Information on Alpha Centauri comes in all too slowly for Centauri Dreams, but astronomers at the Anglo-Australian Telescope and the European Southern Observatory’s Very Large Telescope in Chile have come to the rescue. They’ve teamed up to observe Centauri B, an orange K1 star slightly cooler and less massive than the Sun. In question was the rate at which the star’s surface is pulsating, which tells us about its temperature and internal composition.

The precision of these observations is remarkable. A moving stellar surface causes slight alterations in the wavelength of light it emits; the study of this Doppler shift supplies information. Centauri B’s surface moves about 300 meters an hour, surely a tiny figure to determine given the 4.3 light-year distance to the target, not to mention the encroaching light of Centauri A, the star’s close companion. And yet the sensitivity of the instruments in question was better than 1.5 cm/s, or less than 0.06 km per hour. It makes sense that both Paul Butler and Geoff Marcy, planet hunters extraordinaire, were on the team studying Centauri B. After all, planet hunters know all about tiny Doppler shifts.

The star is pulsating because gas in its outer layers is in violent enough motion to create low-frequency sound waves that bounce off inner layers of the star. Measuring the light from Centauri B once a minute for seven consecutive nights, the researchers made more than 5000 observations.

From an AAO news release:

A star’s surface can oscillate in many different patterns, or modes, simultaneously. The researchers were able to determine 37 modes of oscillation in alpha Centauri B. They also measured the mode lifetimes (how long the oscillations last), the frequencies of the modes, and their amplitudes (how far the surface of the star moves in and out).

Other stars, including our own Sun, are known to vibrate like Centauri B, but these observations are the most detailed ever made of such oscillations. From the data, we should learn much about Centauri B’s internal composition. The paper is Kjeldsen, Hans et al., “Solar-like Oscillations in α Centauri B” in the December 20 issue of the Astrophysical Journal. An abstract is available here.
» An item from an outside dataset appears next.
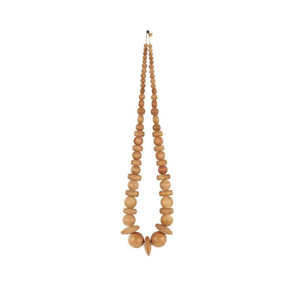25 in. Light Brown Handmade Wood Geometric Beaded Garland Necklace Garland with Tassel

Centauri Dreams‘ take: It’s extraordinary to consider that we are finding ways to study the internal dynamics of stars, learning about regions within them that are completely hidden from view. Our Sun’s pulsations occur about every five minutes and are apparently caused by the same phenomenon being studied on Centauri B. People talk about stars ‘ringing’ because sound waves become trapped in an internal region that can act like the cavity of a musical instrument. The waves are actually variations in pressure that move through the gases within the star, where temperature and density change drastically between the surface and the stellar core. Studying these ‘peals’ of sound should make our nearest neighbors just a little less mysterious.